My feet stink and I smell like a monkey. Tradução: Você sabe onde fica o banheiro? Opa. Espere aí! “Monkey” não é “macaco” em português? Quando é que um símio teria alguma coisa haver com banheiros? Será que é algum tipo de expressão? 10:07- Está vendo? É isso que dá ouvir a irmã mais velha! O Vini me explicou o real sentido da última frase. Segundo ele eu acabei de dizer que “Tenho chulé e cheiro igual a um macaco”! Rá! Essas maldades são bem a cara da Alice mesmo!

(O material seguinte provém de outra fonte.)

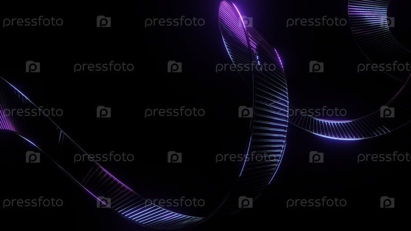 Абстрактный градиент, текущий и вращающийся спираль на темном фоне. Дизайн. Полосатая спиральная форма формирования тоннеля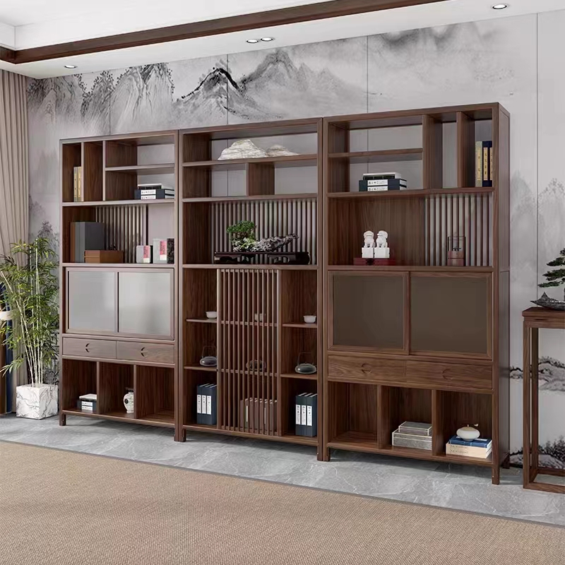產品風格: 新中式產品型號: bgs--20230718產品主材: 北方老榆木/北美進口FAS級黑胡桃木產品尺寸: L1000mm x W 350mm x H2000mm (可定制)

Mas vai ter volta maninha. Uma hora você vai ter que dormir e aí... Muáhaha! (pequena-esfregada-de-mão-no-estilo-vilão-sádico) 11:33-Minha prima chegou em casa a alguns minutinhos atrás e quando eu perguntei porque ela tinha mentido pro Vini, a Ana só disse que era pra facilitar as coisas. Ahn? Tipo, facilitar o quê?????????? Ela estranhamente não disse. Só riu pra mim e fechou a porta do quarto na minha cara, pois queria se trocar. Eu hein! Será que o sol quente da Flórida fritou os miolos da minha prima? Garota doida...

23:59- E o Théo não ligou hoje também. Pena...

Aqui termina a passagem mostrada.